Before looking at the technology specifics, the question must be answered: why another database? There are already many excellent citizen science initiatives out there, with iNaturalist NZ and eBird already showing hundreds of thousands of observations of New Zealand birds and other species.
The primary reason for building a new platform is that no other system currently provides for the identification of individuals, along with the ability to add profiles and descriptions of each. Kea are a particularly charismatic species with distinct behaviours and human interactions that make them such a highly visible species in the wild. The distinct personalities and different behaviours across birds enables the creation of meaningful and interesting ‘personal’ profiles, an approach less likely to work with less-characterful species.
Nonetheless, as I highlighted in my honours dissertation1 it is very important for projects with a long-term view to consider the ongoing sustainability of the of their databases.
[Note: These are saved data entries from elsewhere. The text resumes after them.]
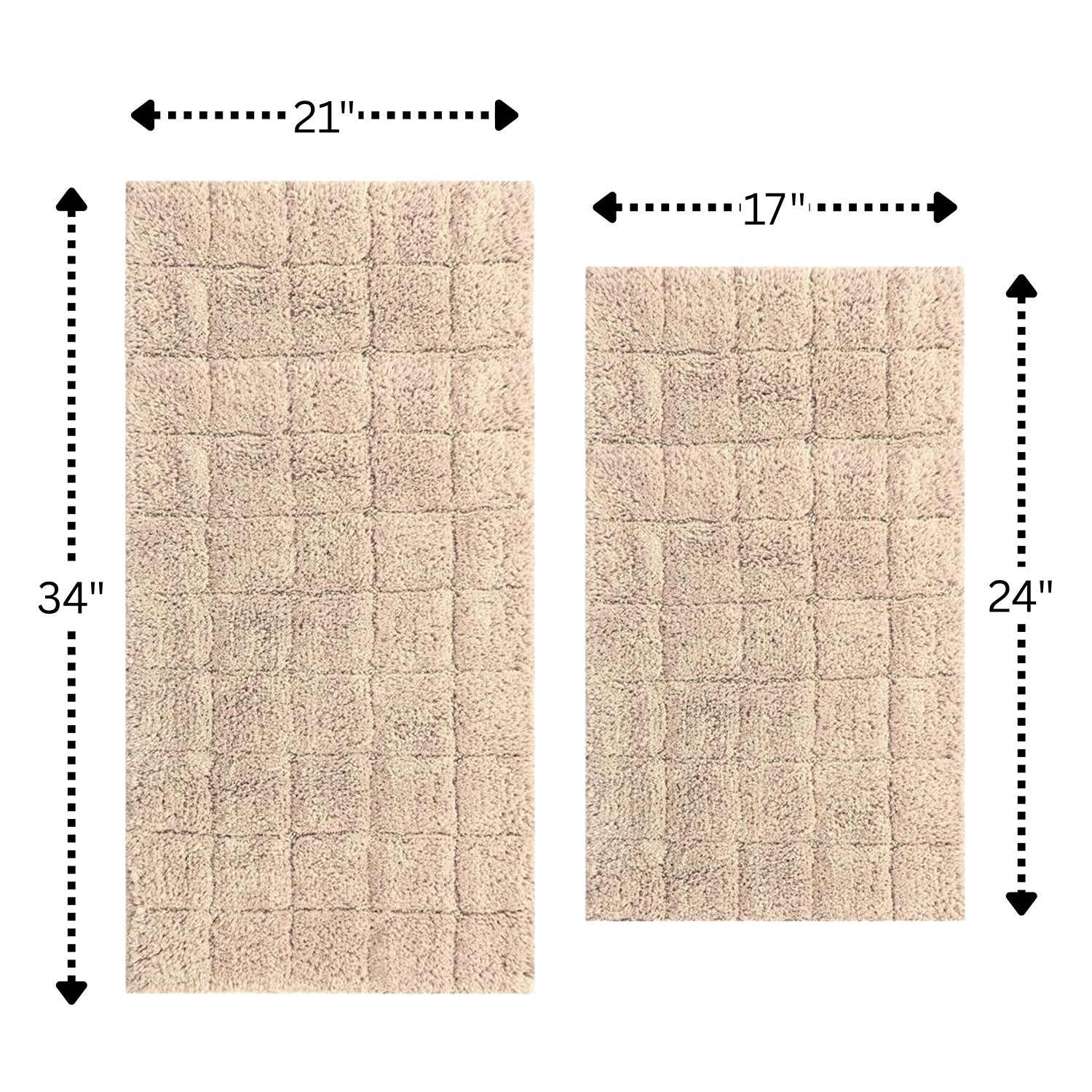 Luxurious and super soft this 2 pc cotton bath rug set with a skid resistant back is a fine addition to your bathroom décor. The densely plush pile on this rug is fantastic for sinking your toes into while you're getting ready for the morning. Available size: 17x24 and 21x34". Color: Natural.Summer Tile 220 GSF Non Skid Back Bath Rug Set - 2- Piece - 17x24 and 21x34", Color: Natural Luxurious and super soft this 2 pc cotton bath rug set with a skid resistant back. Machine wash with like colors, tumble dry low heat. 2 Piece Bath Rug Set. 220 GSF Non Skid Back.
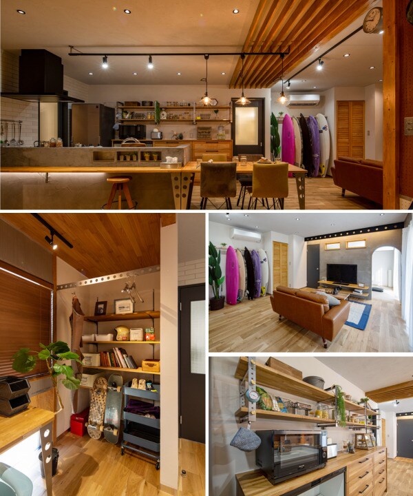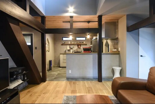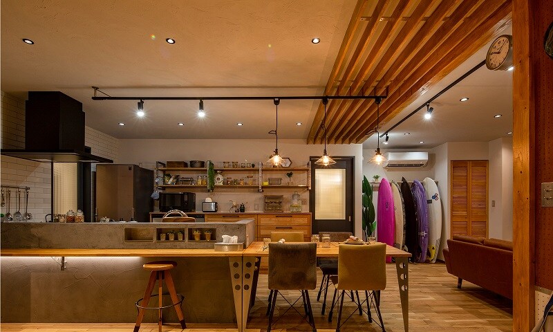 建具や梁を生かし、和とヴィンテージと北欧がほどよくミックスされたオシャレな内装に仕上がっています。
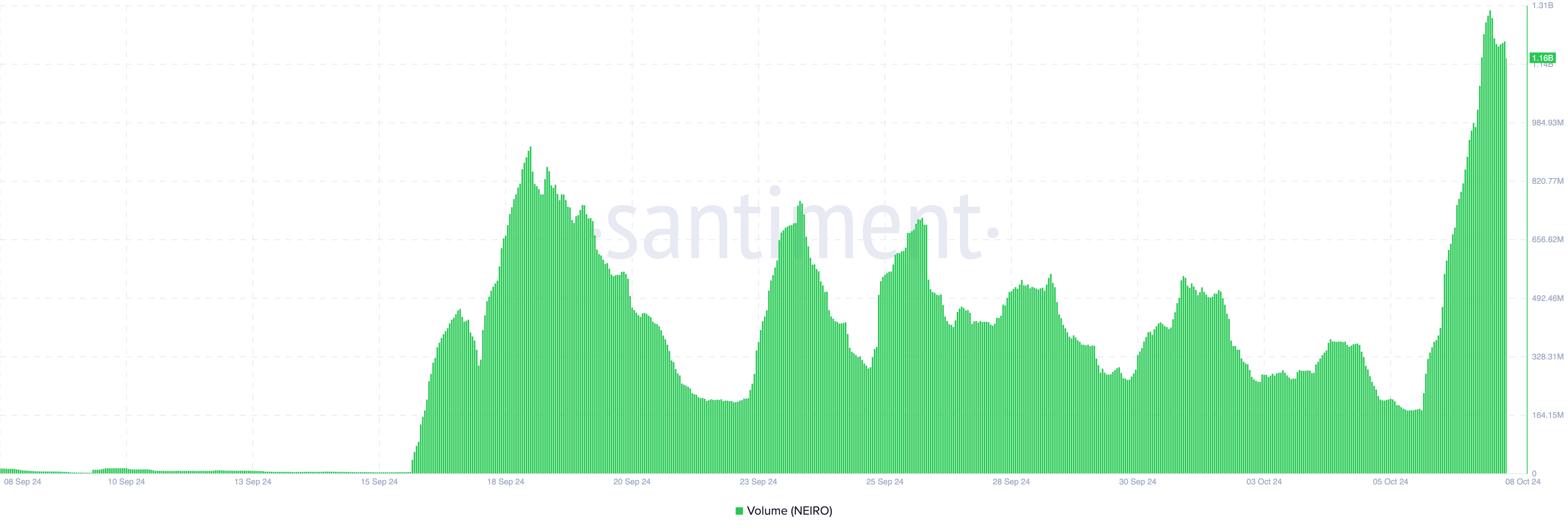 Som et resultat har NEIROs pris vært stigende mens den tidligere fortsetter å nå nye bunner. Samtidig viser en titt på meme coinens volum at det har oversteget $ 1 milliard for første gang siden lanseringen.
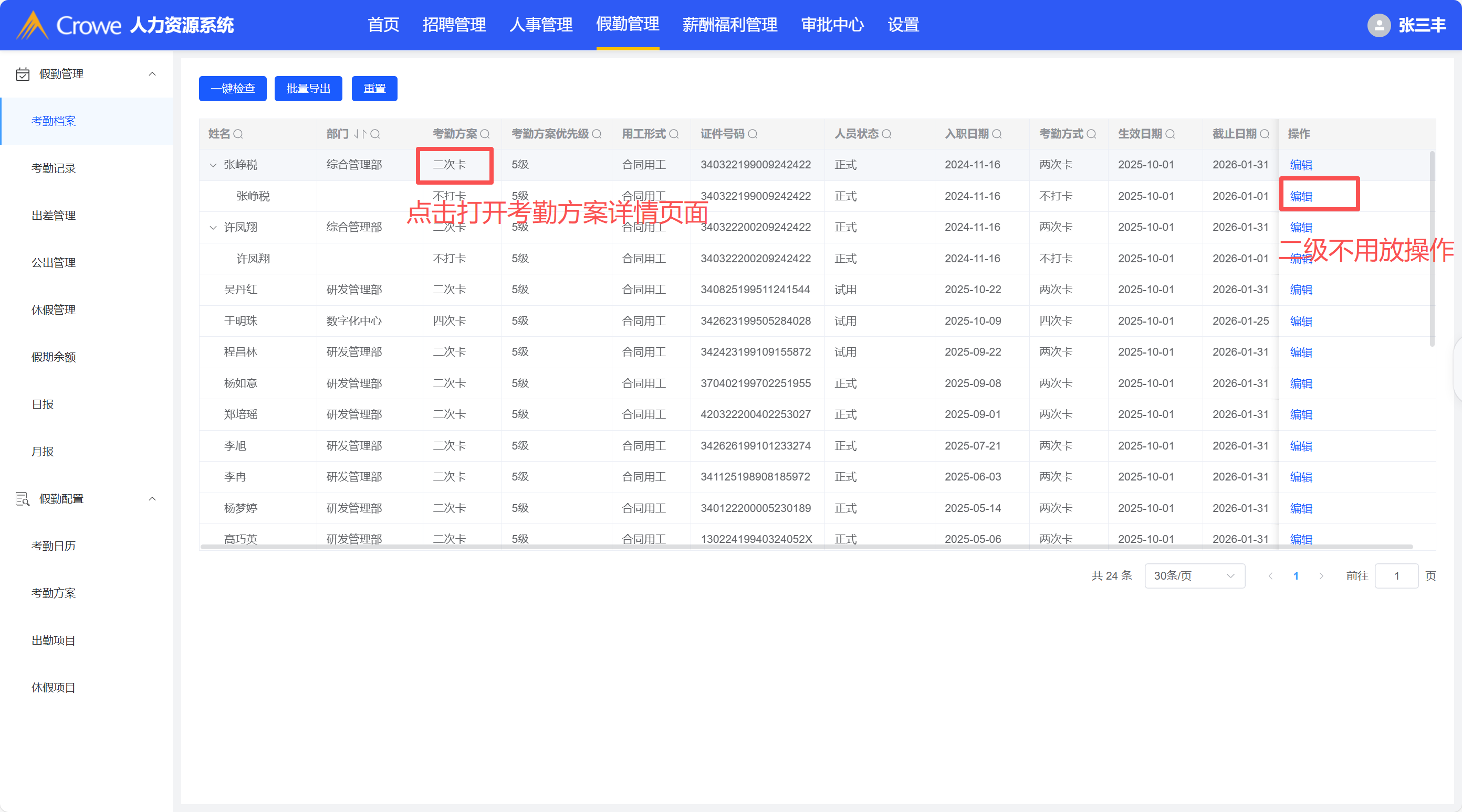 考勤档案列表修改
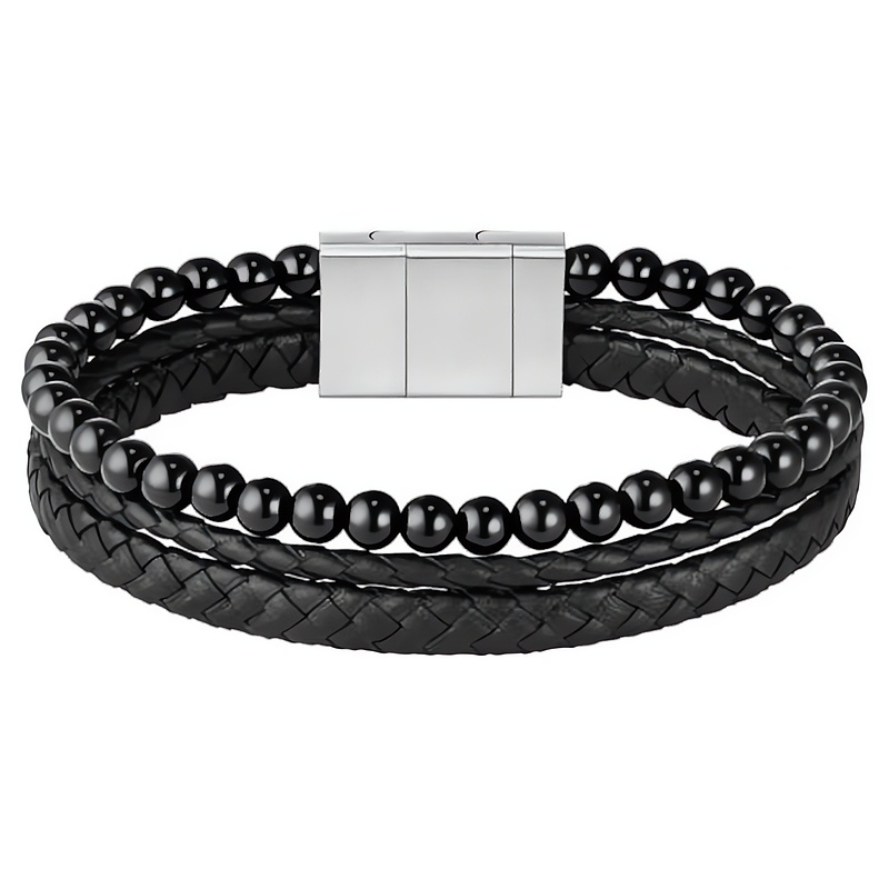 Trojitý černý náramek pro muže Sphere od značky Hugo Boss představuje spojení elegance a kvality. Tento stylový šperk je vyroben z prvotřídní černé kůže a korálků tygřího oka, což zaručuje jeho odolnost a dlouhou životnost. Kůže dodává náramku sofistikovaný vzhled, zatímco tygří oko přináší unikátní estetiku a energii. Povrchová úprava v matném provedení podtrhuje jeho moderní design. Pro zajištění krásy náramku doporučujeme pravidelně otírat jemným hadříkem a vyhýbat se kontaktu s vodou a parfémy. Tento šperk je dodáván v originálním balení, což z něj činí ideální dárek. Kvalita materiálu a precizní zpracování značky Hugo Boss zaručují, že náramek bude skvělým módním doplňkem pro každého muže.
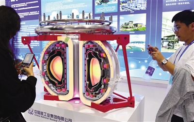 八月二十九日,在2023绿色低碳高质量发展大会装备展上,参观者在观看中国环流三号可控核聚变实验装置模型。当日,2023绿色低碳高质量发展大会装备展在山东省烟台市八角湾国际会展中心举行,共有三百多家企业参展,集中展示了我国在绿色制造、低碳发展方面的建设成果,展览为期三天。 新华社记者 徐速绘摄
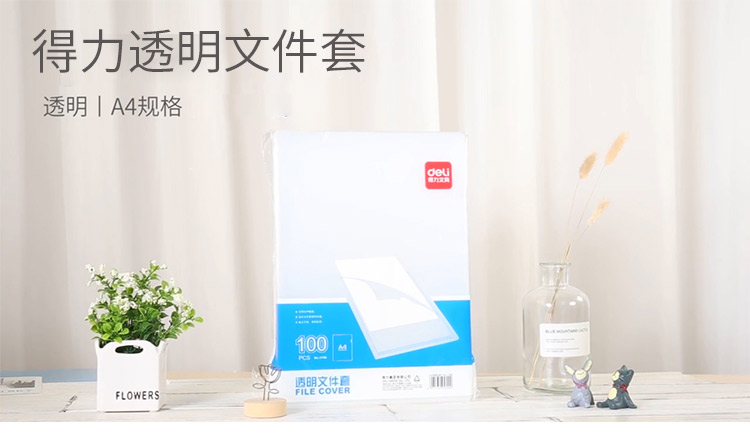 得力(deli) A4透明文件套 办公用品 L形E310文件夹两页夹 100个/包 5706 自营
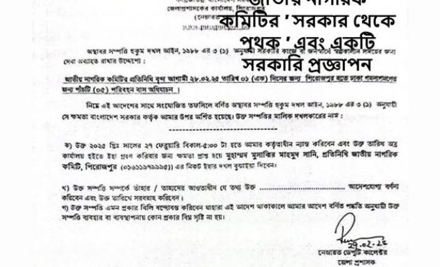 জাতীয় নাগরিক কমিটির ‘ সরকার থেকে পৃথক ‘ এবং একটি সরকারি প্রজ্ঞাপন শুক্রবার , ২৮ ফেব্রুয়ারি ২০২৫ জাতীয় নাগরিক পার্টি গঠিত হয়েছে। জাতীয় সংসদ ভবনের সামনে মানিক মিয়া অ্যাভিনিউয়ে বিশাল read more
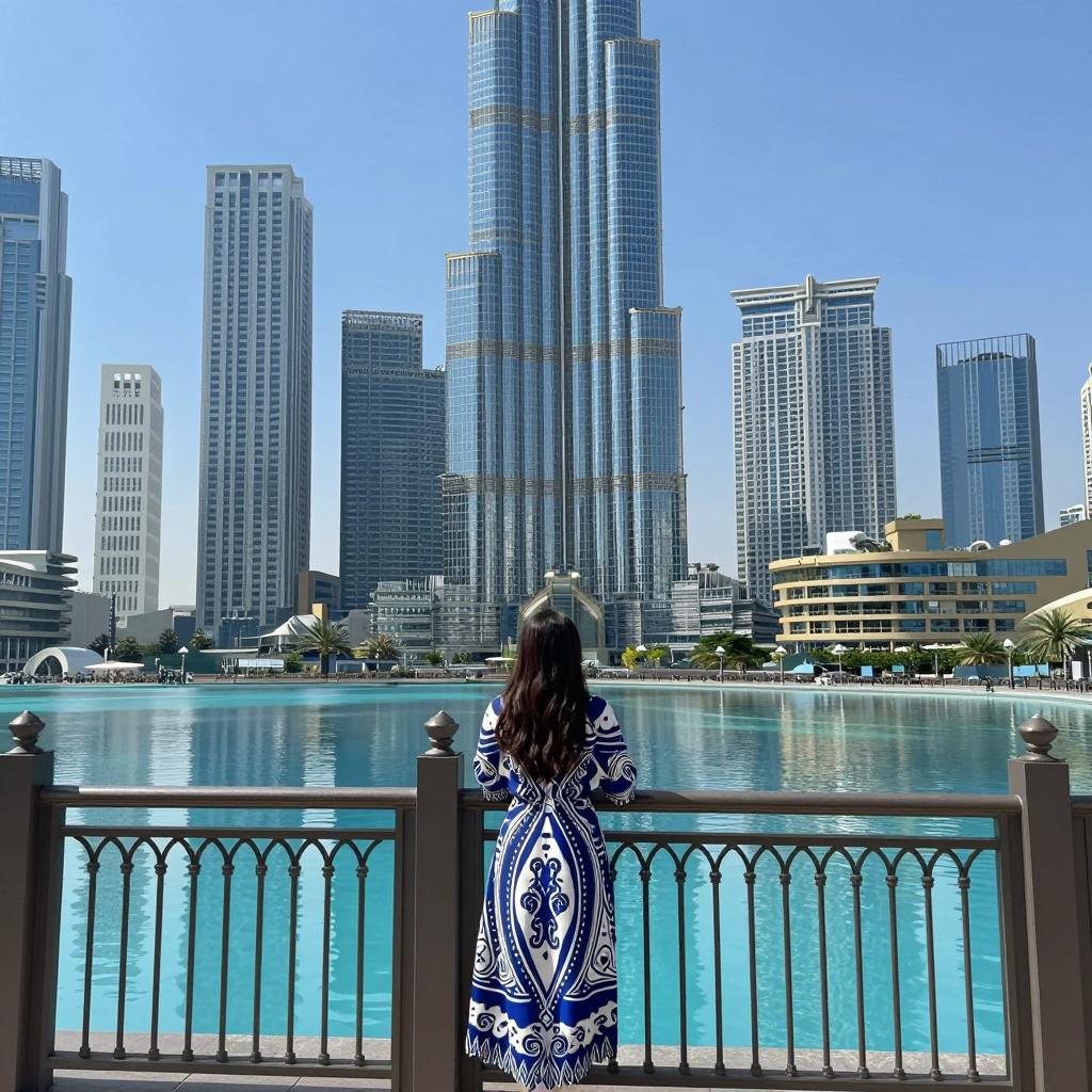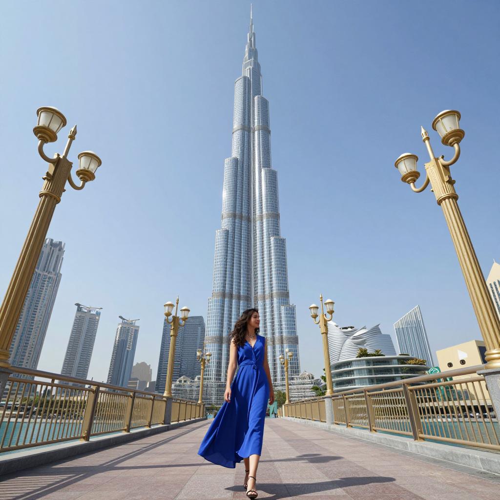 A woman in a flowing blue dress walks confidently on a modern pedestrian bridge with golden railings and decorative lamp posts. The towering Burj Khalifa skyscraper and urban cityscape of Dubai are visible in the background under a clear, bright blue sky during a sunny day.
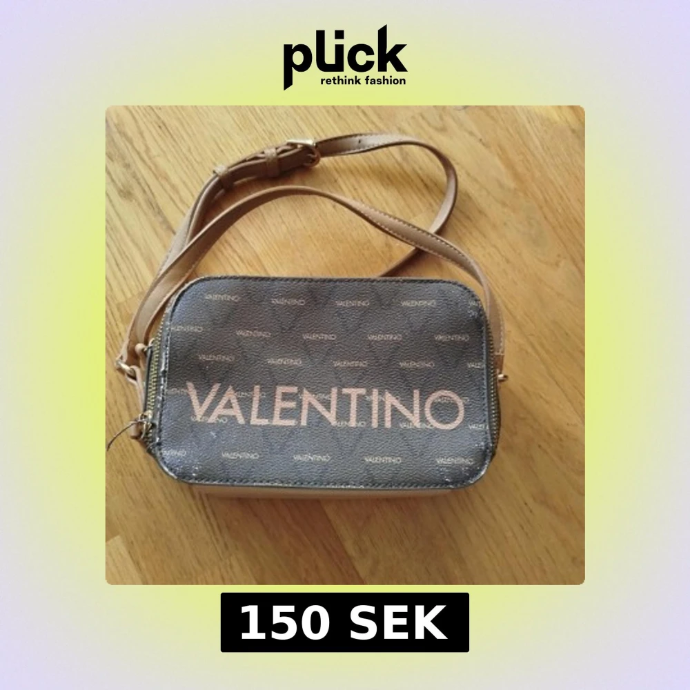 Snygg brun axelväska från Valentino med justerbar rem. Väskan har ett mönster med Valentino-loggan och två dragkedjor upptill. Perfekt för att bära dina nödvändigheter med stil.

Though the dissertation was written after the creation of the database, the sustainability of the database was certainly considered as part of its design.
To ensure the sustainability and longevity of the of the project and its data:
- The project uses mature, stable and well-supported frameworks
This ensures that other developers or future maintainers can continue to support the project.
- The project was open source from day one
By open-sourcing the project, the so-called ‘bus factor’2 is reduced in that anyone should be able to immediately provision a copy of the software and associated services should something happen to the maintainer.
- The project has had an API from day one
The front-end of the database (what the public sees) has only ever accessed and uploaded data by the same API that any application can use. This is in contrast to other, often older, projects that use a separate interface for accessing and displaying data to a lesser-featured API.
- All public data is exportable
Through the API, all public data is viewable via the REST interface in a JSON or CSV format. Hence, should the data need to be imported into another system at some future point, it should be easily achievable.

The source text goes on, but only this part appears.